TASK OBJECTIVE - Retype all the records below exactly as they are, with no image carried over.
---------- INPUT FOR THIS TASK ----------
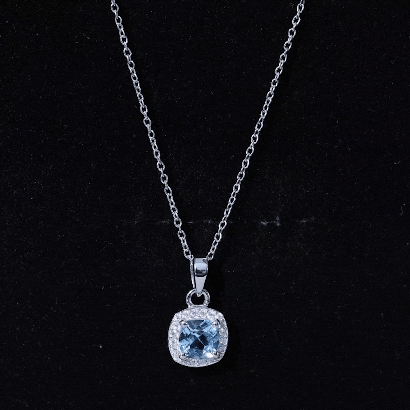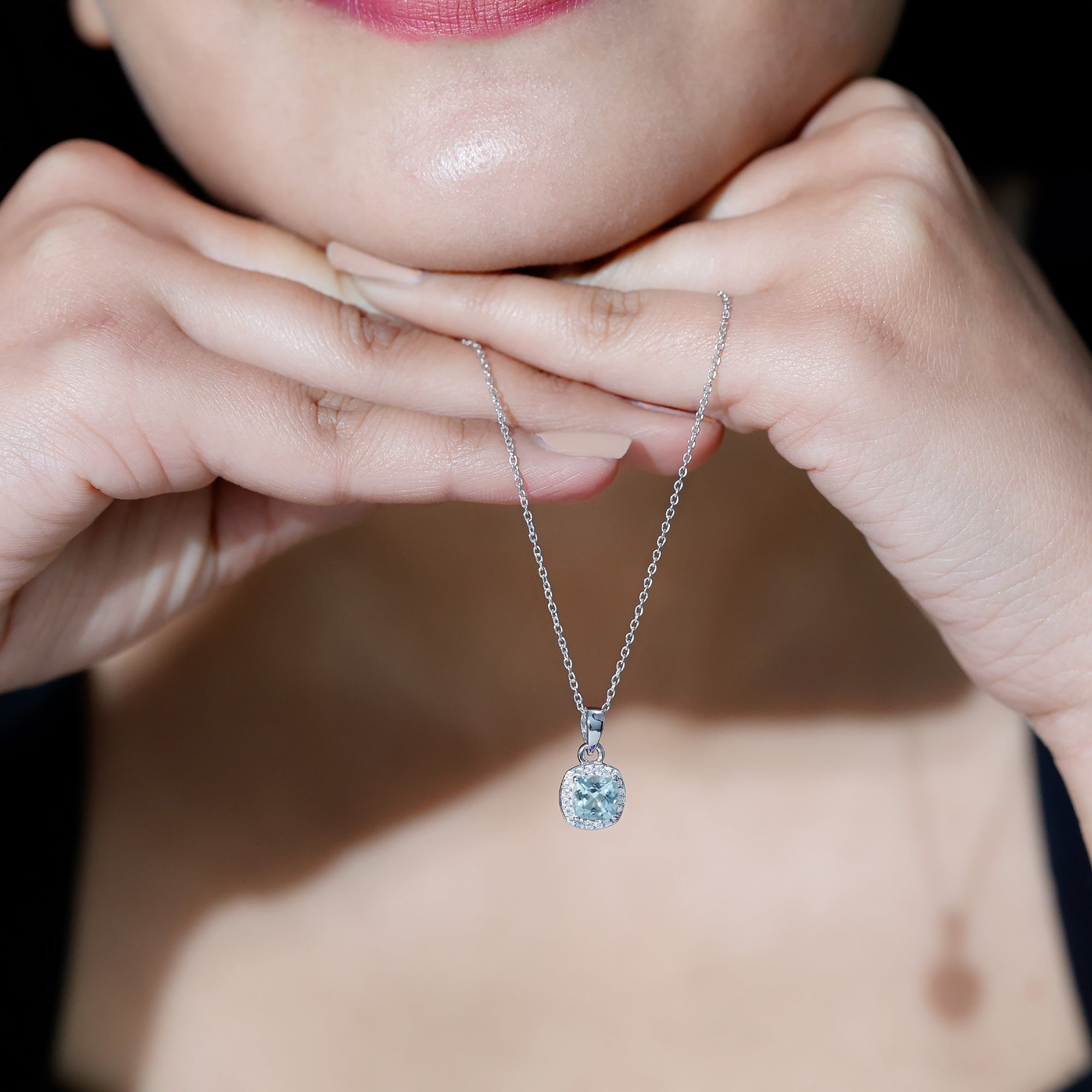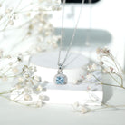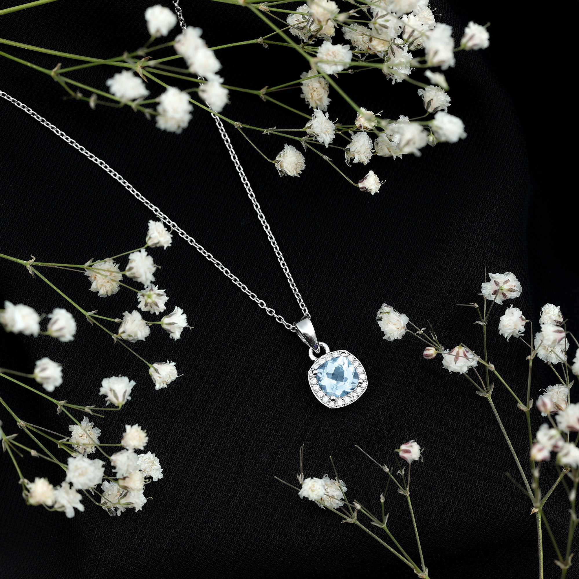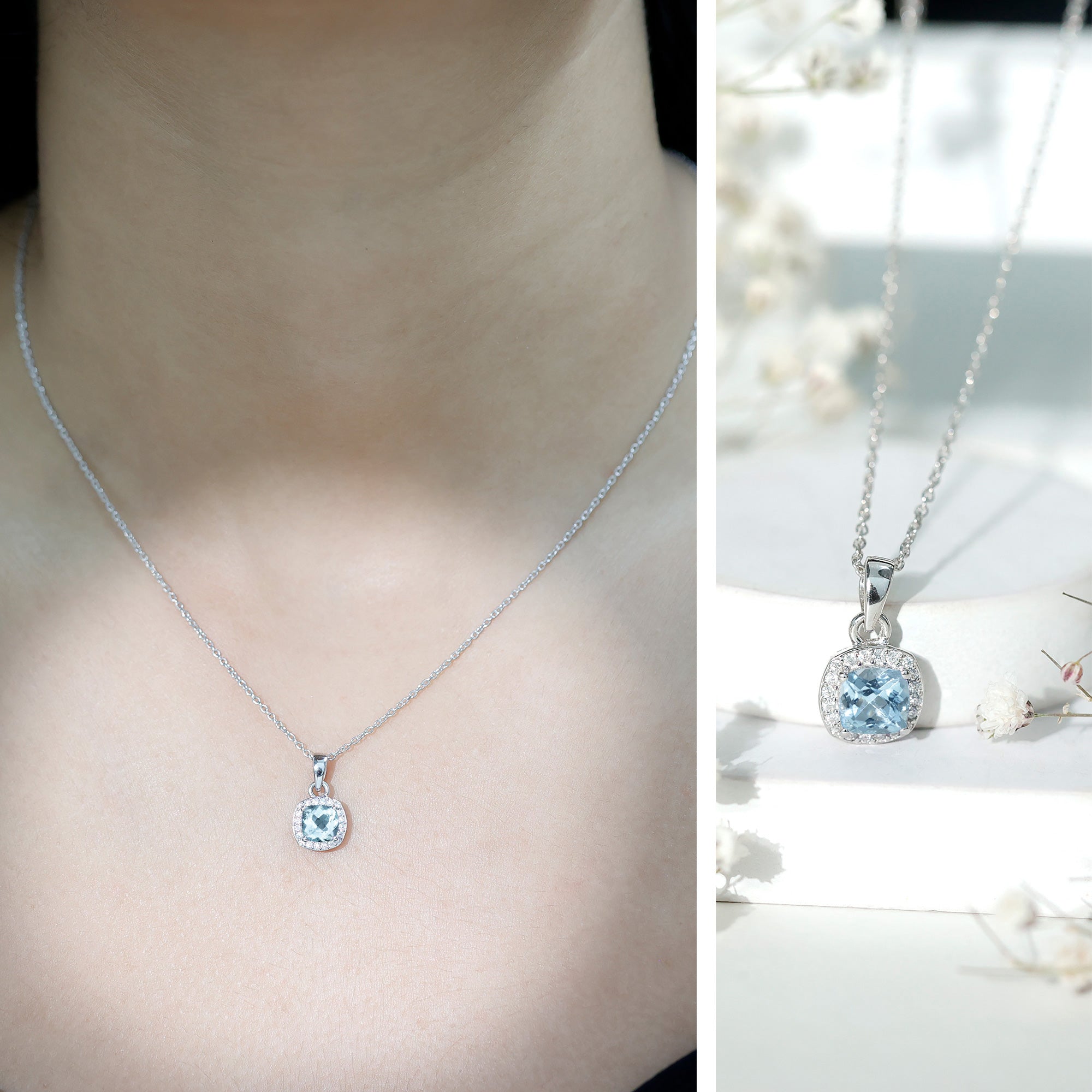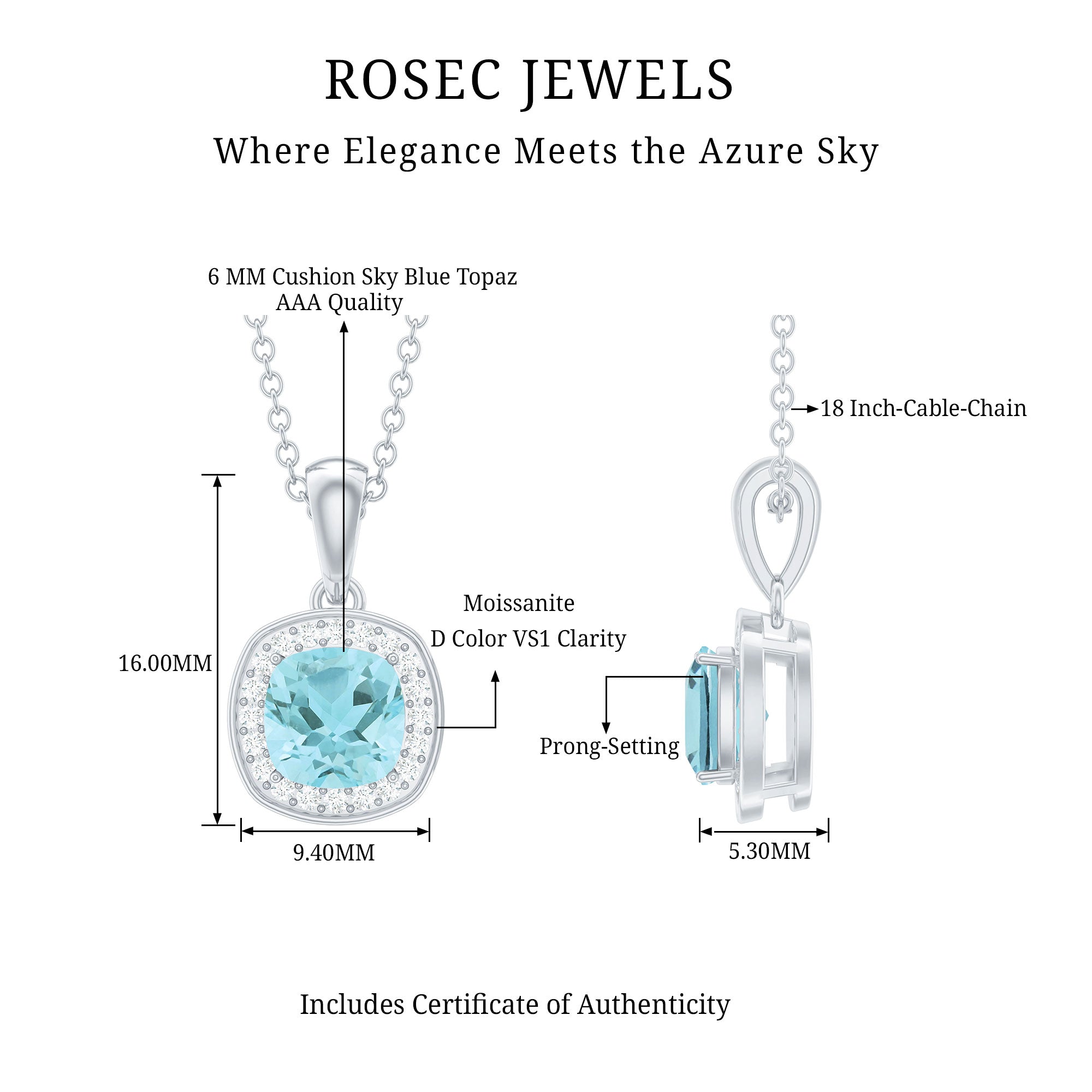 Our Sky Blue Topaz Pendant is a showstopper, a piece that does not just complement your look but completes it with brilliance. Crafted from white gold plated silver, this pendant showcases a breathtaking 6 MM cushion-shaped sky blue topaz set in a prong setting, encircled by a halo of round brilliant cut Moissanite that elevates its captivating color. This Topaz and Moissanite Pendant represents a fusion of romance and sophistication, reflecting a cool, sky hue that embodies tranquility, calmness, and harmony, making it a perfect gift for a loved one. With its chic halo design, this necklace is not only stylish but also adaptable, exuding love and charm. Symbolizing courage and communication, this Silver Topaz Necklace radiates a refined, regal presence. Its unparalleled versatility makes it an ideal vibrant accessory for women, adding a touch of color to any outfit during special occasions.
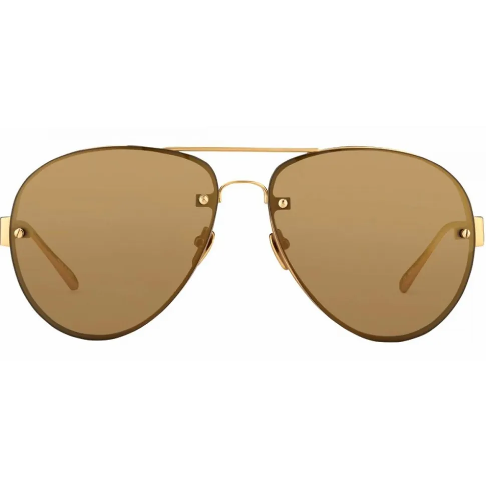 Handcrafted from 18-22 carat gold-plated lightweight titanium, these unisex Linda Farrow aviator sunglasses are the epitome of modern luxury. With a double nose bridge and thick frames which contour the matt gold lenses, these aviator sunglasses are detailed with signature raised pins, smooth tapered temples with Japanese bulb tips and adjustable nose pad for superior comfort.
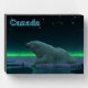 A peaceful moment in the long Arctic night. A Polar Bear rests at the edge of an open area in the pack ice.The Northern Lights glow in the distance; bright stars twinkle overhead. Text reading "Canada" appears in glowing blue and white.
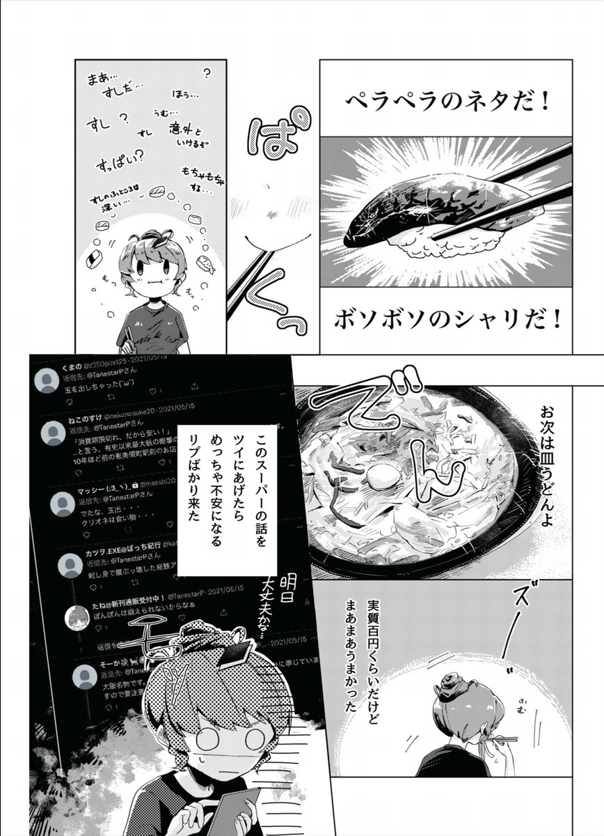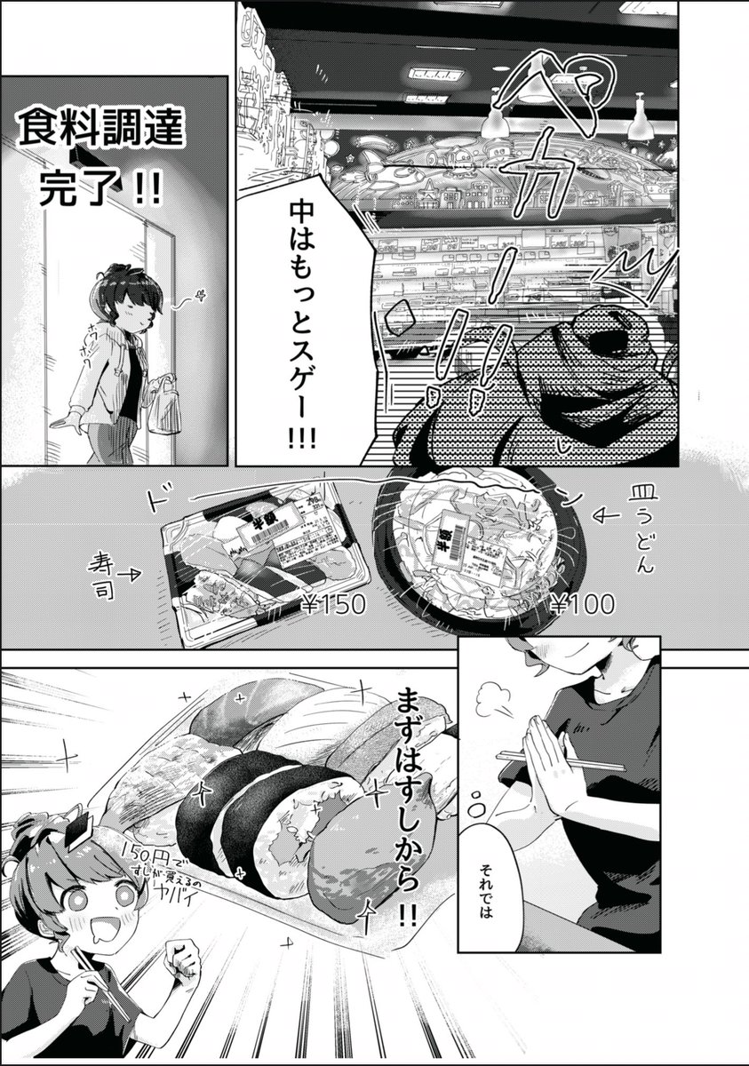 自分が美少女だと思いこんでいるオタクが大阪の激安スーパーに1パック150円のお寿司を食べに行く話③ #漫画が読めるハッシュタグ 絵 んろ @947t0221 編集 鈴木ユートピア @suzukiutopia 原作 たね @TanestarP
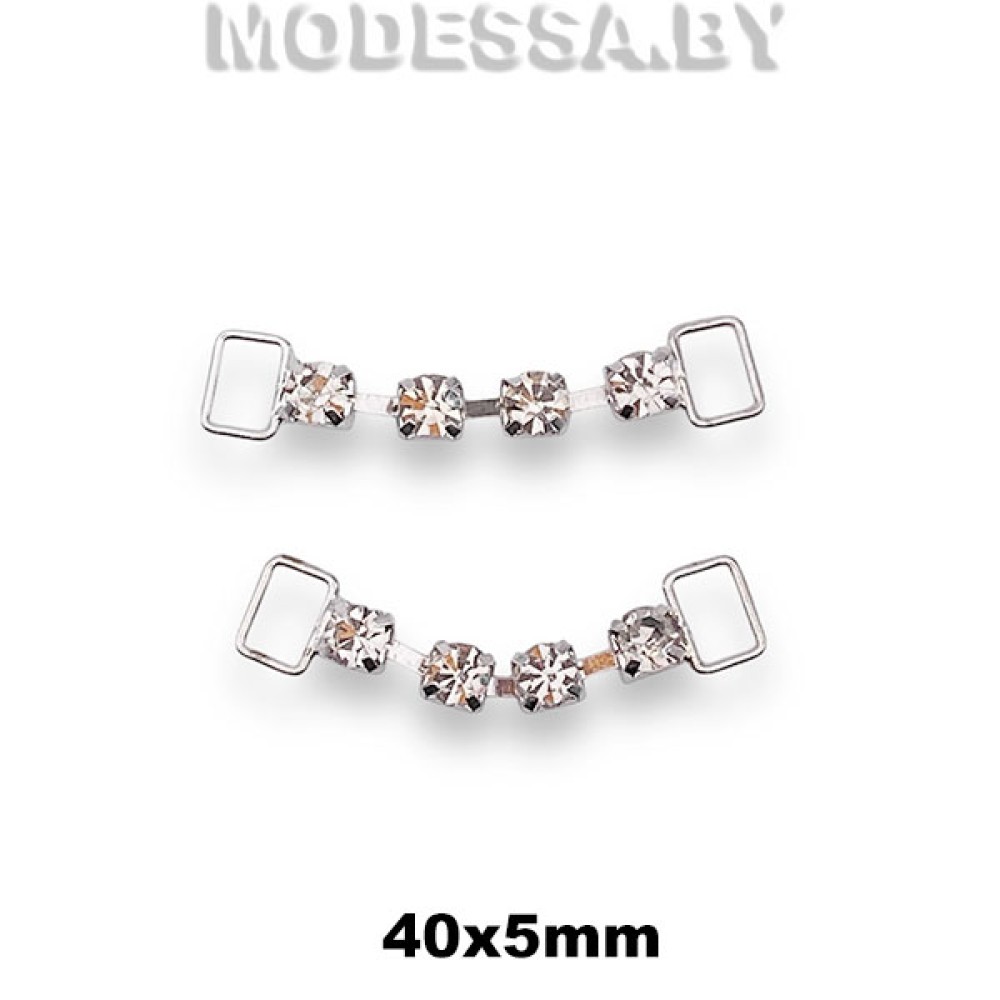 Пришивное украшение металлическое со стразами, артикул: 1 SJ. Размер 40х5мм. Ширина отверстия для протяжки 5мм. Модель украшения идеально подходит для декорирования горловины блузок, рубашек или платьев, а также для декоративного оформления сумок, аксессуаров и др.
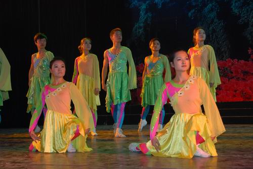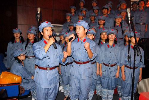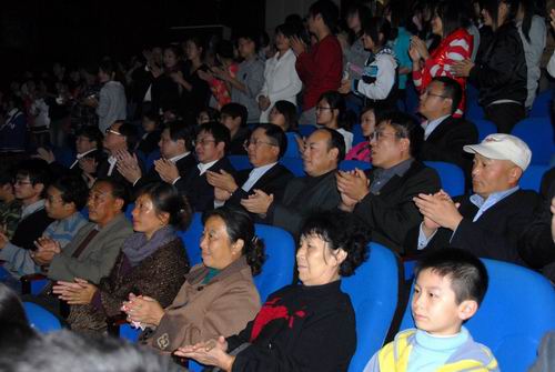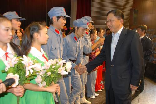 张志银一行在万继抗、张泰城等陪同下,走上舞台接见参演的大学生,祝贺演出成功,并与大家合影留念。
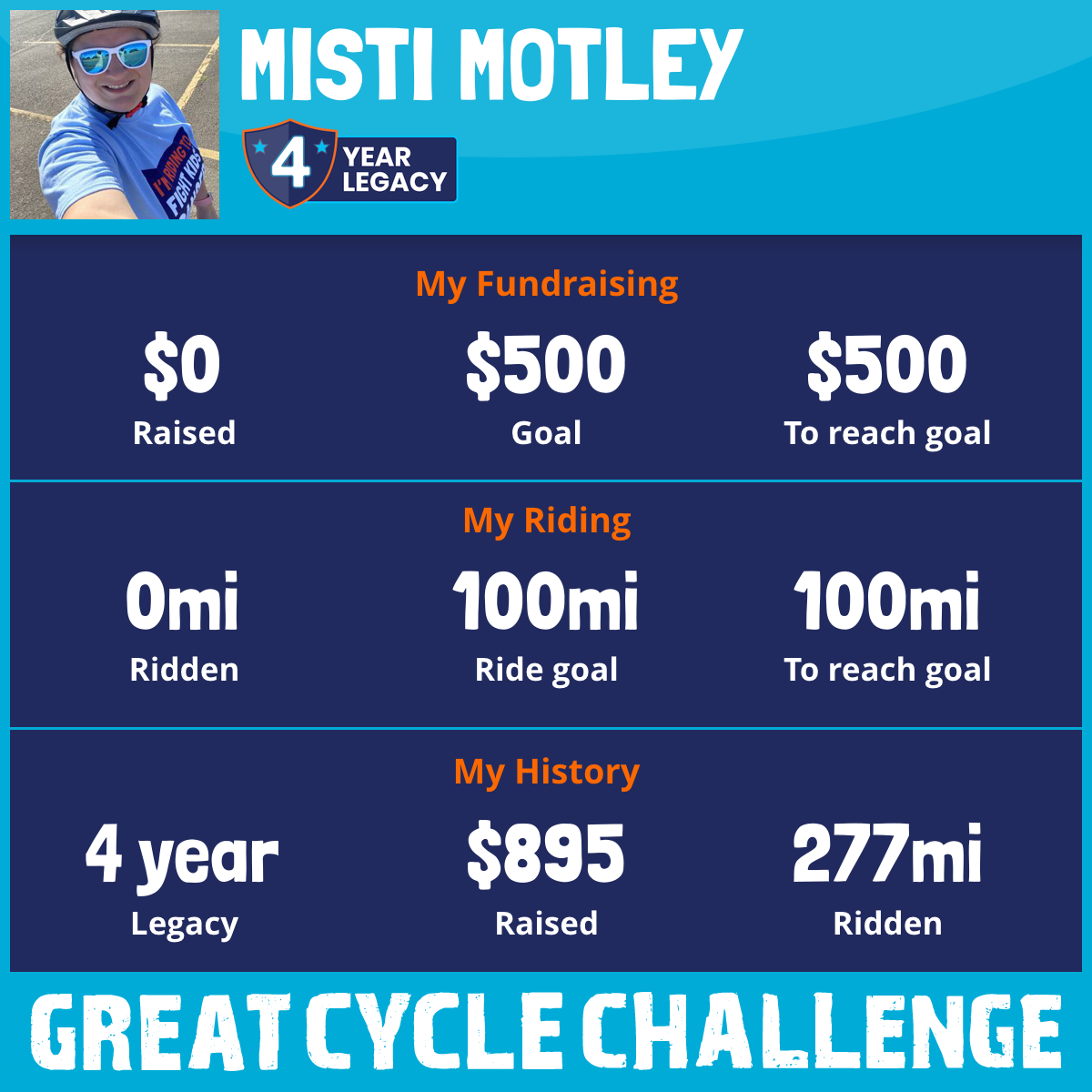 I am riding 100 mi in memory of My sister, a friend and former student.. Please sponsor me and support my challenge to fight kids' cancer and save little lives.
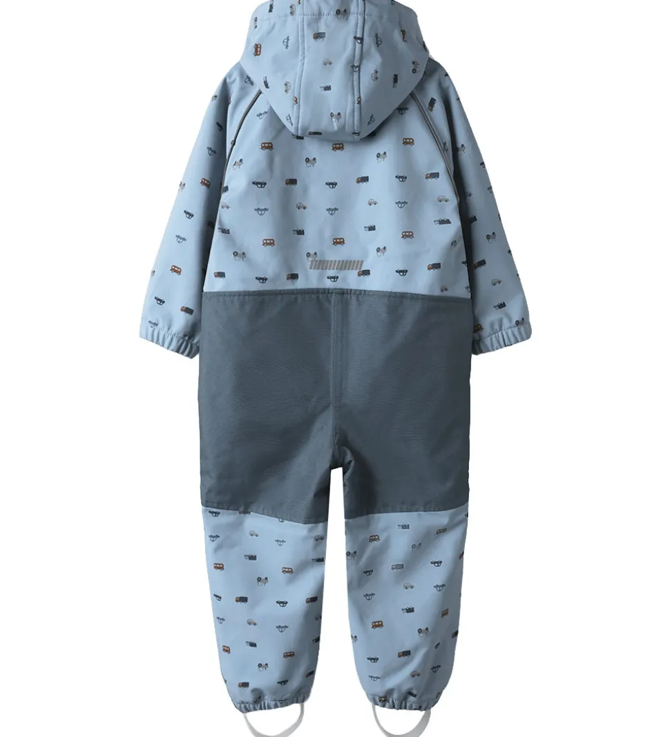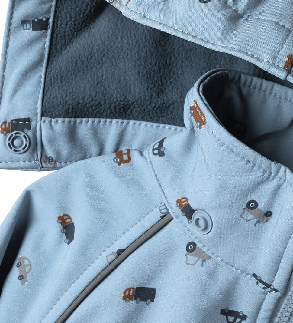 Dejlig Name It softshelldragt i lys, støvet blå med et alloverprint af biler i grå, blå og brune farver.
----------
TASK ANSWER -
 Our Sky Blue Topaz Pendant is a showstopper, a piece that does not just complement your look but completes it with brilliance. Crafted from white gold plated silver, this pendant showcases a breathtaking 6 MM cushion-shaped sky blue topaz set in a prong setting, encircled by a halo of round brilliant cut Moissanite that elevates its captivating color. This Topaz and Moissanite Pendant represents a fusion of romance and sophistication, reflecting a cool, sky hue that embodies tranquility, calmness, and harmony, making it a perfect gift for a loved one. With its chic halo design, this necklace is not only stylish but also adaptable, exuding love and charm. Symbolizing courage and communication, this Silver Topaz Necklace radiates a refined, regal presence. Its unparalleled versatility makes it an ideal vibrant accessory for women, adding a touch of color to any outfit during special occasions.
 Handcrafted from 18-22 carat gold-plated lightweight titanium, these unisex Linda Farrow aviator sunglasses are the epitome of modern luxury. With a double nose bridge and thick frames which contour the matt gold lenses, these aviator sunglasses are detailed with signature raised pins, smooth tapered temples with Japanese bulb tips and adjustable nose pad for superior comfort.
 A peaceful moment in the long Arctic night. A Polar Bear rests at the edge of an open area in the pack ice.The Northern Lights glow in the distance; bright stars twinkle overhead. Text reading "Canada" appears in glowing blue and white.
 自分が美少女だと思いこんでいるオタクが大阪の激安スーパーに1パック150円のお寿司を食べに行く話③ #漫画が読めるハッシュタグ 絵 んろ @947t0221 編集 鈴木ユートピア @suzukiutopia 原作 たね @TanestarP
 Пришивное украшение металлическое со стразами, артикул: 1 SJ. Размер 40х5мм. Ширина отверстия для протяжки 5мм. Модель украшения идеально подходит для декорирования горловины блузок, рубашек или платьев, а также для декоративного оформления сумок, аксессуаров и др.
 张志银一行在万继抗、张泰城等陪同下,走上舞台接见参演的大学生,祝贺演出成功,并与大家合影留念。
 I am riding 100 mi in memory of My sister, a friend and former student.. Please sponsor me and support my challenge to fight kids' cancer and save little lives.
 Dejlig Name It softshelldragt i lys, støvet blå med et alloverprint af biler i grå, blå og brune farver.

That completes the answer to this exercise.